The semiological evolution of a focal seizure adds granularity that is important for mapping its spread across eloquent cortex and can be recorded using descriptors from the ILAE 2017,[5] ILAE glossary,[9] or a sequence of components within the semiology classification of the Four-dimensional Epilepsy Classification.[12] Beyond loss of awareness and bilateral propagation, different semiological evolutions of the same unitary focal seizure type are indistinguishable in the HPO. This may be insufficient for detailed surgical and network analyses. However, the HPO is predominantly a tool of genomics, and phenotypic analysis in epilepsy genetics has focused on seizure types rather than differences in the evolution of seizures of the same type. The Epilepsy Syndrome Seizure Ontology (version 1.03, bioportal.bioontology.org/ontologies/ESSO) and Epilepsy and Seizure Ontology (version 1.0, bioportal.bioontology.org/ontologies/EPSO) predate the ILAE 2017, and their multidimensional representation of seizures (aligned to the Four-dimensional Epilepsy Classification) may be better suited to such tasks.[8,40] Another ontological approach to semiology prior to ILAE 2017 has shown that analysis of combinations of semiological features can be used for classification of temporal lobe and extra-temporal lobe epilepies.[41] Advances in understanding and classification of focal seizures may facilitate prioritization of important sequences of semiological components for inclusion in the HPO.

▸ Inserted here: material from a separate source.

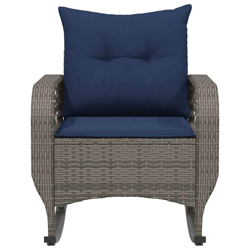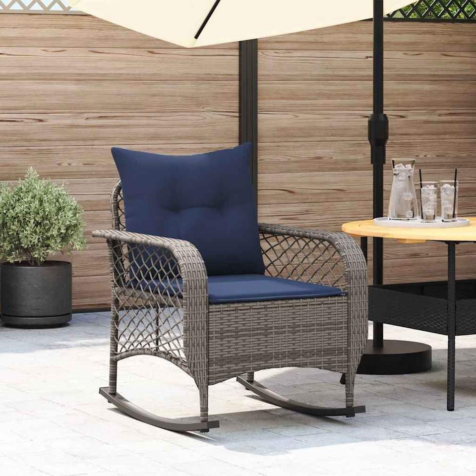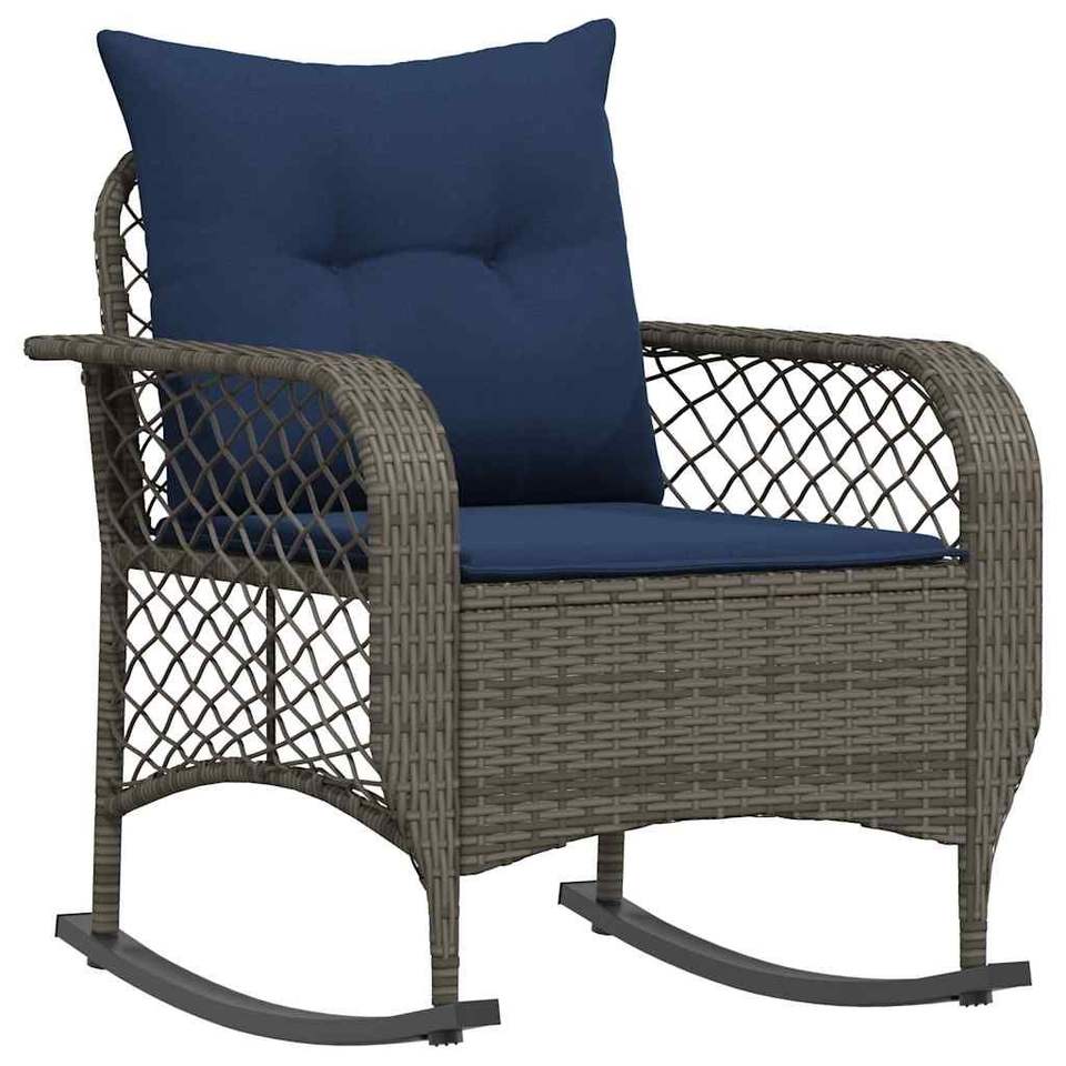 Silla mecedora de patio de ratán sintético gris con cojines, elegante silla de jardín

Currently, as in this study, HPO terms are usually annotated manually on review of the medical records or through bulk translation of structured categorical data from research or clinical genetic clinical data forms. However, the burden of HPO coding will decrease as the availability of electronic medical record systems with integrated HPO annotation modules increases, and with advances in natural language processing.

Although this coordinated revision of the HPO seizure subontology has improved the integration of its terms and its consistency with current ILAE classifications, scope remains for refinement, including integration of concepts from other classifications to maximize its value for harmonization of non-ILAE 2017 data, such as that from historical cohorts. Continuing expert engagement (we encourage suggestions via https://github.com/obophenotype/human-phenotype-ontology/issues) will lead to incremental improvements in HPO domains pertinent to epilepsy that will benefit clinical diagnostic algorithms and research for people with epilepsy over years to come.